REFLEXIÓN//Mi primer obstáculo

Como recuerdo aquella mañana. Mi madre se había levantado más temprano, era un día especial, no sé si para ella o para mí, lo cierto es que salía de la habitación donde dormíamos seis, incluyendo a ella y a mi padre.

Nuestro departamento era rectangular,  lo  conformaban  cuatro cuartos. A la entrada, había una pequeña sala, enseguida un antecomedor, luego estaba la cocina y por último una  habitación con baño. Diez vivíamos en ese pequeño departamento ¡Ya se imaginarán como eran nuestros días en aquel lugar,  en medio de gritos y alegría!

Recuerdo cuando caminaba  a lado de mi hermano, un año y medio menor que yo. Ambos  tratábamos de seguir a mi madre, quien daba pasos agigantados y nosotros nos veíamos en la necesidad de correr.

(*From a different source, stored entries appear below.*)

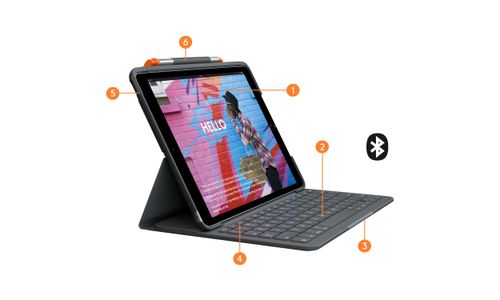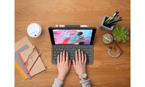 Transformez votre iPad en ordinateur portable en un clic. Les touches bien espacées et les raccourcis iOS permettent un confort et une rapidité de frappe. Slim Folio verrouille votre iPad à un angle idéal pour une saisie sur toutes les surfaces, qu'il s'agisse de votre bureau ou de vos genoux. Sa conception fine s'adapte parfaitement et protège l'iPad contre les chocs, rayures et projections. Avec sa configuration aisée, sa connexion Bluetooth LE fiable sans fil et son autonomie longue durée, Slim Folio est un outil indispensable pour l'iPad.
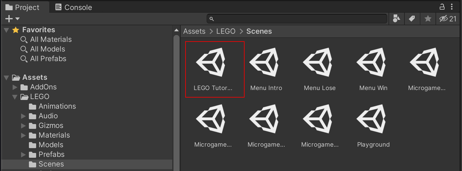 1. Project ウィンドウで、「LEGO Tutorial」シーンを選択します。
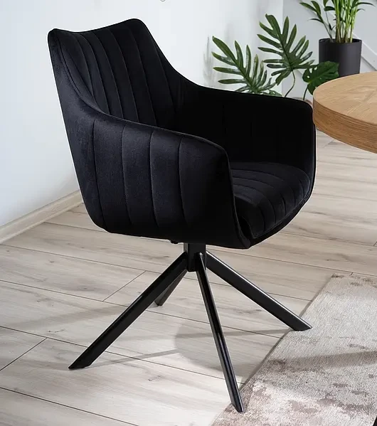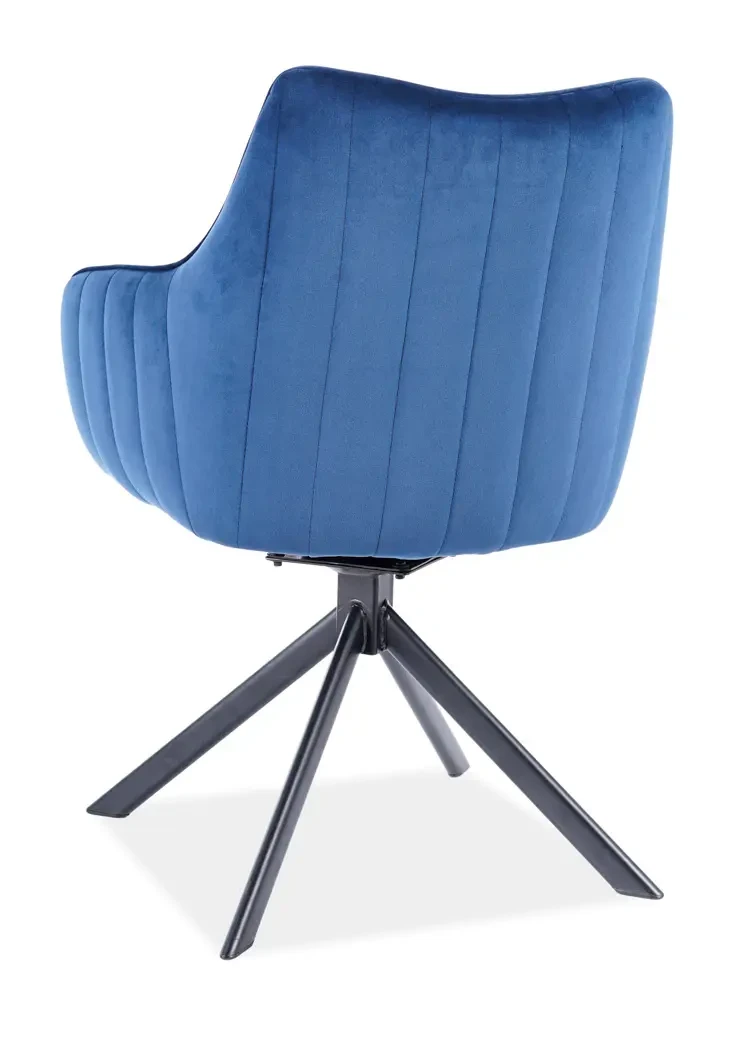Krzesło Azalia Velvet to oryginalna i stylowa propozycja tapicerowanego krzesła, które zapewni nam wyjątkowy komfort siedzenia. Mebel wykonany został wyłącznie z materiałów wysokiej jakości. Siedzisko tapicerowane jest wytrzymałą i niezwykle miękką w dotyku tkaniną aksamitną Bluvel 86 w klasycznym granatowym kolorze. Dodatkowym atutem krzesła jest wyjątkowe siedzisko obracane w zakresie 180 stopni. Całość spoczywa na solidnych, metalowych nogach wybarwionych w czarnym, matowym kolorze. Krzesło Azalia Velvet pięknie ozdobi wnętrze jadalni, czy też restauracji. Jest to niezwykle oryginalny mebel, który z racji swojego klasycznego wyglądu będzie pasować do większości wnętrz. Każdy element krzesła Azalia Velvet został doskonale dopracowany.

Esa mañana después de avanzar dos cuadras me quede sorprendida al contemplar un mundo de personas, todas ellas formadas con sus hijas a lado. Recuerdo, estaba por cumplir los seis años de edad.

El tiempo de espera en la fila no fue tan largo, comparado con lo que me sucedería más adelante. Estábamos a una mamá de ingresar a un aula que a mi parecer era muy grande.  Observe con atención  el lugar, contemple una reja interior que separaba un enorme patio del ante patio. Había muchos salones abajo y arriba con una gran escalera en medio, protegida con barandales, lo mismo sucedía en  los corredores de los salones.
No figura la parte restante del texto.